David Lawder and Andrea Shalal for Reuters:

The U.S. government on Monday said it may slap punitive duties of up to 100% on $2.4 billion in imports from France of Champagne, handbags, cheese and other products, after concluding that France’s new digital services tax would harm U.S. tech companies.

The U.S. Trade Representative’s office said its “Section 301” investigation found that the French tax was “inconsistent with prevailing principles of international tax policy, and is unusually burdensome for affected U.S. companies,” including Alphabet Inc’s Google, Facebook Inc, Apple Inc, and Amazon.com Inc.

U.S. Trade Representative Robert Lighthizer said the government was exploring whether to open similar investigations into the digital services taxes of Austria, Italy and Turkey. “The USTR is focused on countering the growing protectionism of EU member states, which unfairly targets U.S. companies,” Lighthizer said.

The findings won favor from U.S. lawmakers and U.S. tech industry groups, who have long argued that the tax unfairly targets U.S firms. “The French digital services tax is unreasonable, protectionist and discriminatory,” Senators Charles Grassley and Ron Wyden, the top Republican and Democrat, respectively, on the Senate Finance Committee, said in a joint statement.

MacDailyNews Take: As we wrote back in April:

As per the EU itself, the smart approach for Apple et al. is to lobby for harmonized EU taxation over a state-by-state patchwork of taxes, as that will at least offer simplicity, stability, and predictability.

11 Comments

  1. Certainly E.U. taxation policies have zero resemblance to equality and fairness for far too long. Fingers crossed the Trump administration will be a catalyst for positive change for American tech companies…

    1. Why exactly were the comments above not favorable?

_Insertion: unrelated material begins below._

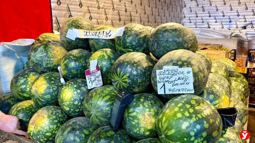 Даже арбуз можно встретить! Правда, их сейчас мало. Пусть он не летний, но вполне съедобный, особенно если хочется чего-то освежающего. Здесь заприметили его только одной палатке. Оптом 1,99 от 100 килограмм, а в розницу уже 3,99, сорт — «Холодок».

Perhaps there are a lot of French visiting the site and they agree with the French taxing policies?

      No, lemme guess, if GoeB would NOT have included Trump in the post, “will be a catalyst for positive change for American tech companies…” the words would have been just fine, or even desirable.

      To some, Trump tarnishes even the good things, I guess. Let’s just say that’s simply irrational.

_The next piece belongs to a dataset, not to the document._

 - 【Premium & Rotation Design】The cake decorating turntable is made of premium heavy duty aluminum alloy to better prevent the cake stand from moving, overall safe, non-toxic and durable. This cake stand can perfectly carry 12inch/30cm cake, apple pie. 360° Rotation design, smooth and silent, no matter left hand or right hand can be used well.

  2. Sounds like an overreaction to country making tax decisions in its own borders:
    France’s 3% levy applies to revenue from digital services earned by firms with more than 25 million euros ($27.86 million) in French revenue and 750 million euros ($830 million) worldwide.

    We all know that digital service companies have got away with paying minimal taxes in countries outside the US. For once I agree with the French that this needs to stop.

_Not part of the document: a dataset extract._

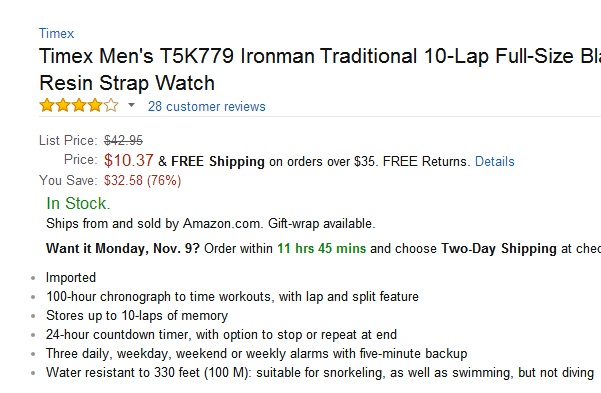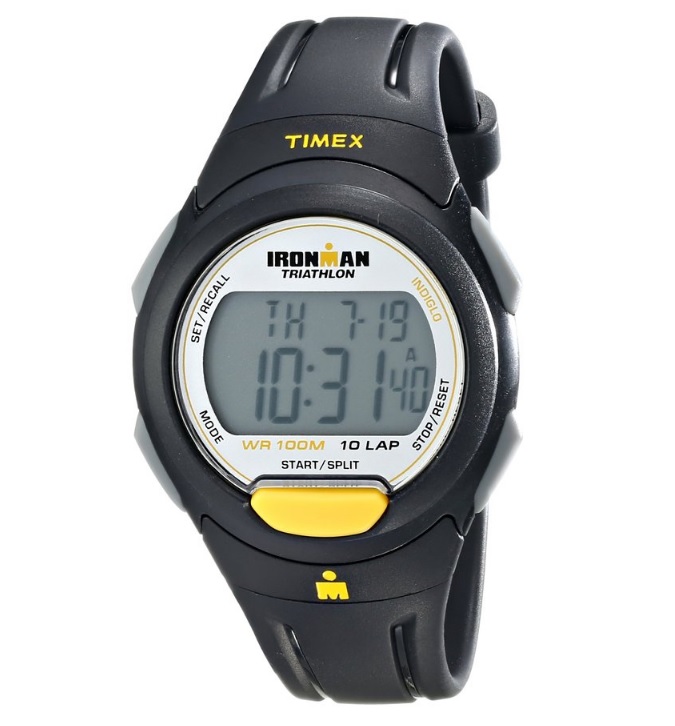 天美时 Timex Men's T5K779 Ironman Traditional 10-Lap Full-Size Black/Yellow Resin Strap Watch 铁人三项运动手表,时尚表款+大众价位让Timex天美时成为美国销量第一的品牌。天美时的铁人三项腕表系列更是以出色的性价比深受运动爱好者的喜爱,比如今天推荐的这款铁人三项运动手表,采用了树脂硅胶表带,带有计时器,具有记录圈数等功能,方便跑步等运动的时候记录,还有倒计时器等功能,100米防水,戴着游泳也是毫无压力的,还带有Timex公司独创的核心技术Indiglo夜光灯,这是一种亮度极大的夜光灯,保证夜里也能无压力看时间!

    I hardly see that this action is protectionist. It is simply reacting to the inequities of the taxation systems for multinationals and digital service companies in particular. Slapping punitive duties on French physical products is a classic example of unreasonable, protectionist and discriminatory.

  3. So…

    Is the administration going to punish individual States within the US for wanting to do the same thing as France and from before France said they might?

    Specifically, the collection of sales tax from online shopping.

  4. “As per the EU itself, the smart approach for Apple et al. is to lobby for harmonized EU taxation over a state-by-state patchwork of taxes, as that will at least offer simplicity, stability, and predictability.”

    So individual EU States should give up their sovereignty for US corporation’s benefit and convenience? Nice try. If you want to sell in their country, you must play by their rules.

    As I’m told frequently… “use an Android, no one is forcing you to buy Apple”. Well no one is forcing you to sell in the EU.

    1. The WHOLE point of the EU is for the member states to give up some sovereignty in exchange for the economic benefits of having EU-wide, unified, simplified, commerce system.

      France doing its own thing in this instance is absolutely brain-dead, even if they are justified in wanting to correct an unfair tax situation.